This is not a fiction but a harrowing experience of Alhassan Abugri, a 40-year-old man with visual impairment in Bawku in the Upper East Region.

On that fateful day in 2023, Mr Abugri had visited a friend at one of the suburbs with the support of his son and was returning home when he was caught up in a gunfire in a renewed chieftaincy clash.

While everybody was running helter-skelter for their lives, he said he was left stranded and had to leave his fate to God.

According to him, it took the timely intervention of some security operatives who rescued and escorted him to his house.

Narrating his ordeal to Graphic Online, he lamented that “I have lost my menial business I was doing to take care of my wife and six children due to the recurring conflict, and now things have become very hard for me, and I can’t even feed my family”.

Just like Mr Abugri, Haruna Samira, a 45-year-old physically challenged woman has also had his world turned upside down by the protracted chieftaincy conflict in Bawku.

She said in the peak of the disturbance last year, she had to close down her small shop which she was depending on for livelihood to seek refuge in the village.

“When the town became very hot, I had to run to my village for safety.

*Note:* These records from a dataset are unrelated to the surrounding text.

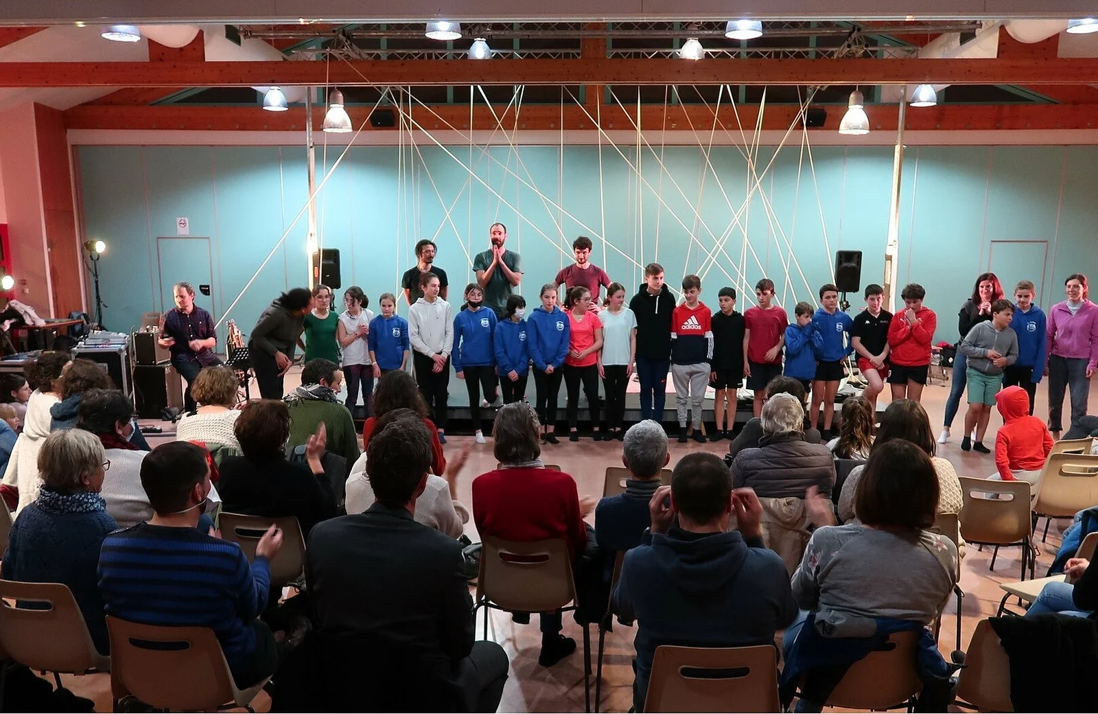 Le jeudi 17 mars a eu lieu, à la salle Plaza Xoko de Saint-Étienne-de-Baïgorry, une restitution de l’atelier de médiation avec les élèves, suivie de la sortie de résidence du spectacle.
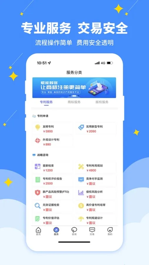 专大师以“让无形的资产变成有形的财富”为使命,秉承“专注、专一、专业”的精神,为广大用户提供专利申请、专利布局规划、专利交易、高价值专利产业化对接、商标交易、商标注册、商标服务、版权服务、创新思维培训、手板制作、法律维权诉讼、营销推广、产品代运营等一条龙服务,致力于打造领先的专业从事知识产权全产业链服务的平台。
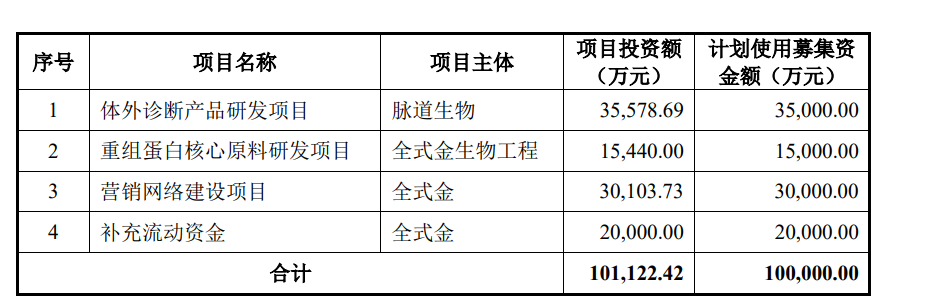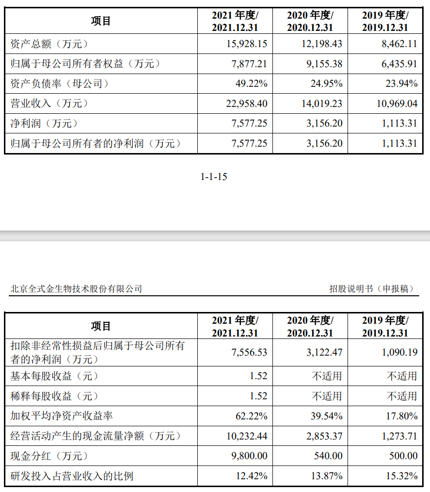 断试剂的研发、生产、销售的生物科技企业。全式金生物扎根于生命科学领域的生物试剂行业,产品已被广泛应用于生命科学研究、医学研究、新药研发、技术服务、体外诊断等领域。全式金生物发行上市申请适用《上海证券交易所科创板股票上市规则》第2.1.2 条第(一)项的规定,即预计市值不低于人民币10亿元,最近两年净利润均为正且累计净利润不低于人民币5000万元,或者预计市值不低于人民币10亿元,最近一年净利润为正且营业收入不低于人民币1亿元。 全式金生物此次IPO原本预计募集资金10亿元,资金用途如下:财务方面,2019年、2020年和2021年,全式金生物营业收入分别为 1.10亿元、1.40亿元和2.30亿元,实现归属于母公司股东的净利润分别为1,113.31 万元、3,156.20万元和7,577.25万元,主营业务毛利率分别为78.54%、80.00%和81.46%。
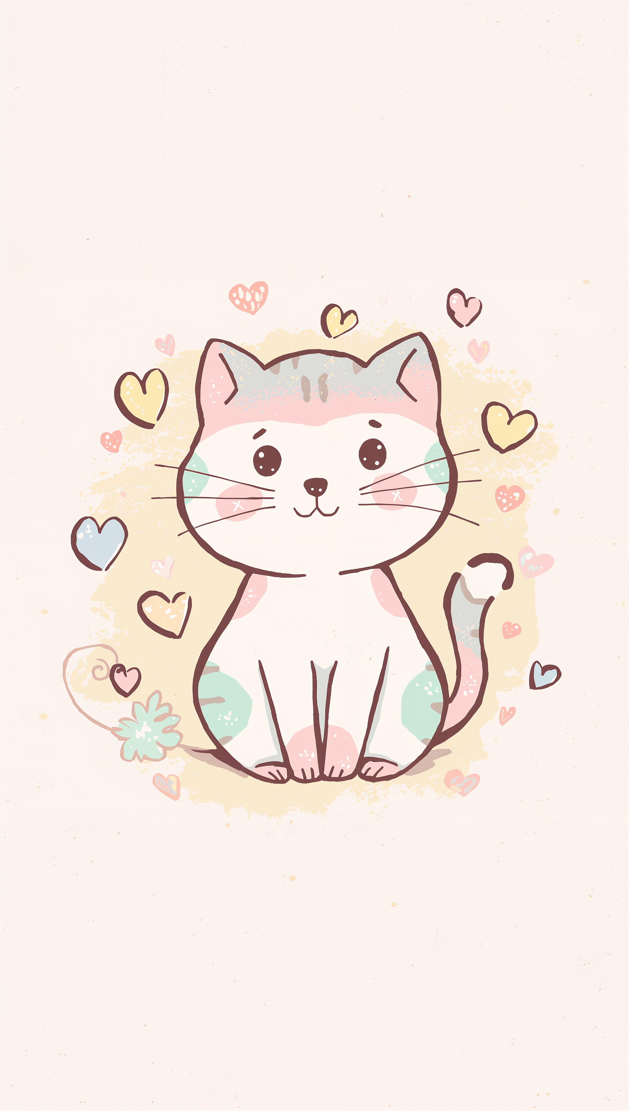2176x3840 Cat iPhone wallpaper – pastel cartoon cat with hearts
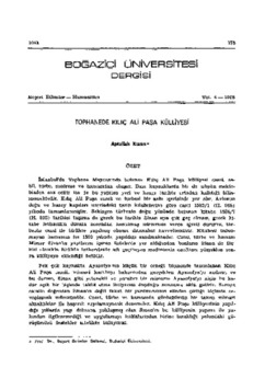 Kuran, Aptullah, "Tophanede Kılıç Ali Paşa Külliyesi," online in Digital Library for International Research Archive, Item #2714, http://www.dlir.org/archive/items/show/2714 (accessed April 30, 2026).
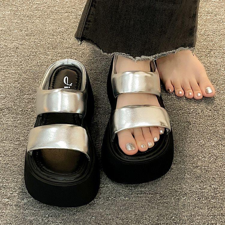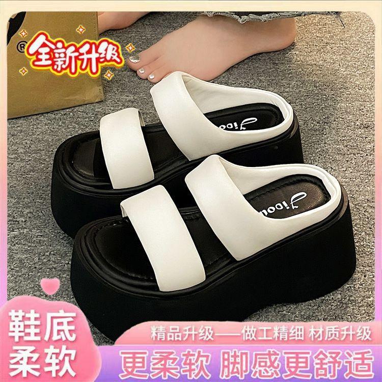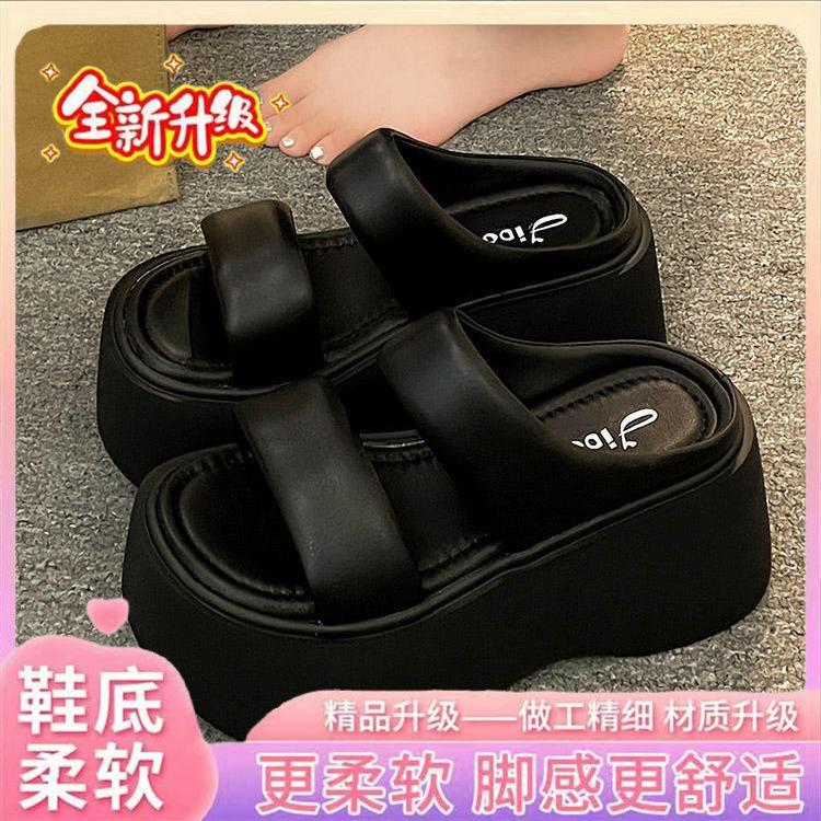Тапочки на платформе женская летняя мода 2025 новые босоножки увеличивающие рост повседневные универсальные кексы одно слово пляжная обувь
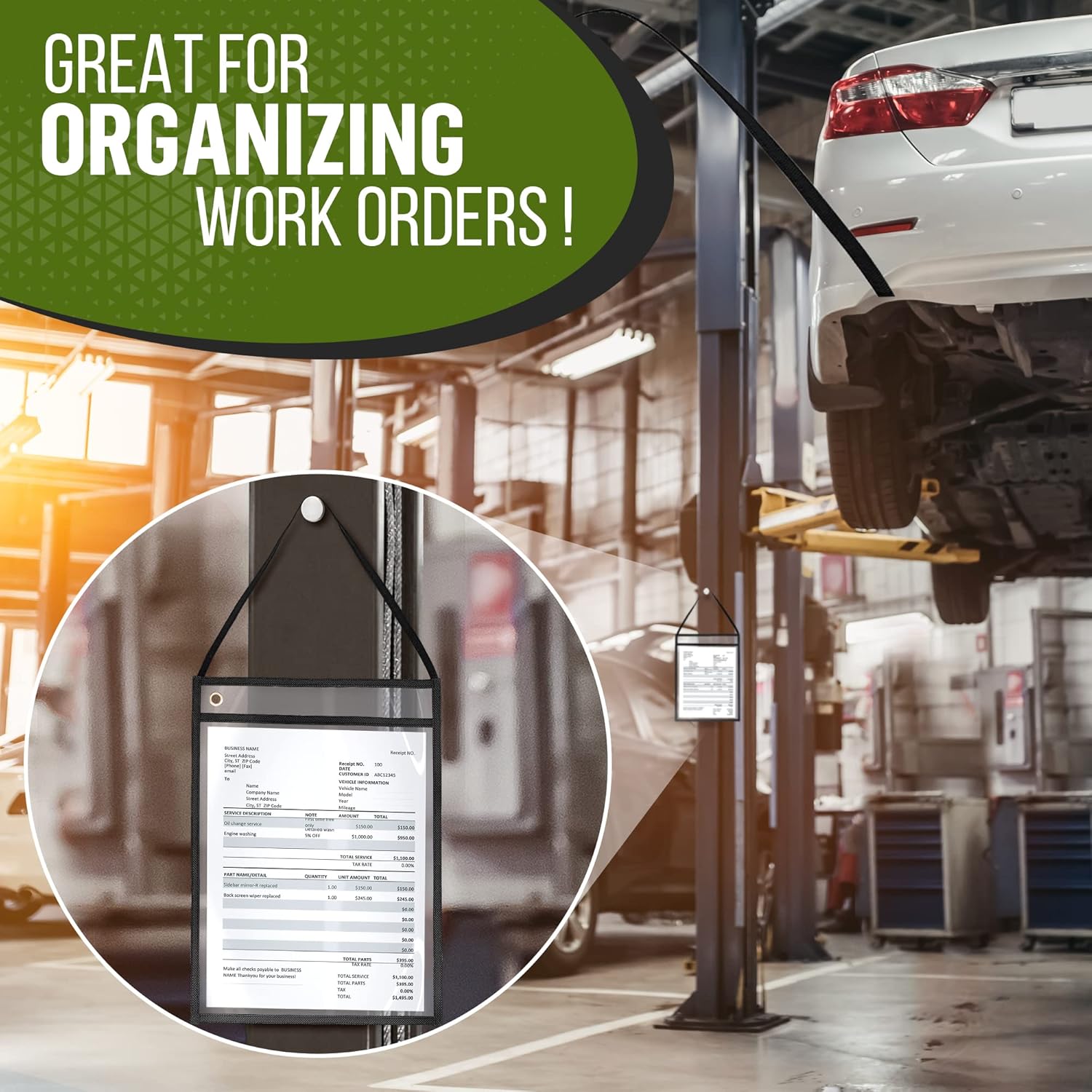 - ☑️ HIGH QUALITY MATERIAL - In our shop ticket holder we use only soft and strong vinyl to provide you durable & heavy duty plastic sleeves. Heavyweight plastic is great for withstanding daily usage of work at garage, laboratory, shop, warehouse etc.

Though, now it is a bit calm, and I have returned to the town, I am very scared to open the shop because it is located at one of the hotspots” she said.

Ms Haruna indicated that now the only way of survival for her was to rely on the benevolence of people.


Mr Abugri and Ms Samira are part of a number of Persons with Disabilities (PWDs) in the Bawku Municipality who are bearing the brunt of the conflict.

There has been recurring conflicts in the Bawku township for the past decades, resulting in the death of many people and destruction of property running into millions of Ghana cedis.

The once bustling town has now been deserted with many institutions closed down while a number of people have fled the town for safety.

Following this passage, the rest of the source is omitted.